Those same workers reported:

  • 81% say a four-day workweek would make them feel more loyal to their employer
  • 82% say a four-day workweek would help recruit talent

With other countries like Japan and Germany giving it a try, it’s worth noting how organizations are changing with the times to keep workers happy on the job.

Four-Day Workweek Benefits

Curious about how an extra day off would be good for your company and employees? Here’s a look at some of the best perks of a shorter workweek:

Happier Employees

A better life-work balance is a lot easier to find when you gain more time for relaxation. When quitting time is Thursday evening and you have a whole three days to look forward to, it makes the weekends that much sweeter. A majority of individuals surveyed agreed more time with family would improve with fewer work days.

Increased Productivity

Perhaps the best benefit of a four-day workweek? Increased productivity.

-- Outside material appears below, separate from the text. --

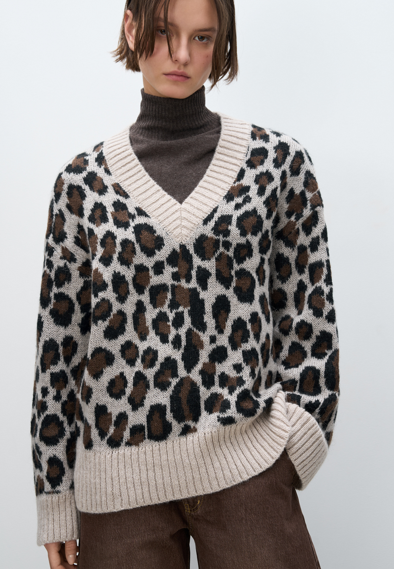Трикотажный джемпер с жаккардовым анималистическим рисунком. Модель свободного силуэта со спущенной линией плеча и V-образным вырезом горловины. Края изделия выполнены в рубчик.
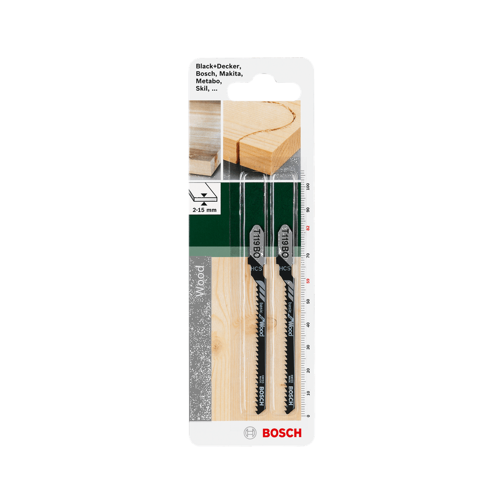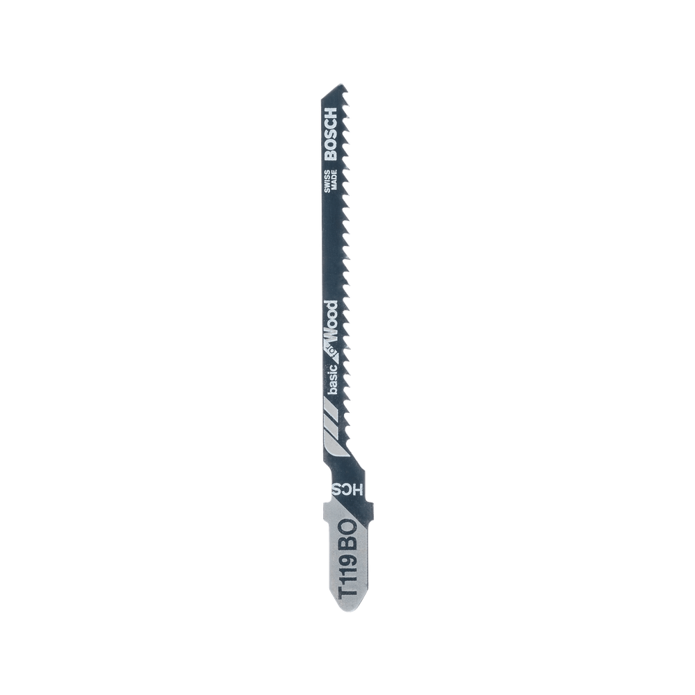 A Bosch T 119 BO Basic for Wood szúrófűrészlap fa anyagok ívelt vágására alkalmas. Magas széntartalmú acélból készül, hullámvonalban álló mart fogazása ideális különleges előírások nélküli vágásokhoz puhafába és rétegelt lemezben. Minden T-befogószárú szúrófűrészhez használható. Teljes hossza 82 mm. Fogosztása 2 mm. Ajánlott max. anyagvastagság 15 mm.

One UK study of 1,989 full-time UK office workers found the average time an employee spends working during a traditional eight-hour workday is lower than one might think: two hours and 23 minutes! There’s an incentive to push harder and work more diligently when workers know they need to get things done in four days instead of five.

Reduced Costs

If your physical office is shut down for a whole day each week, you can imagine the cost savings between electricity and all the other bills that come with running a company. Workers who normally commute and go out to lunch each day will find their cost savings add up, too.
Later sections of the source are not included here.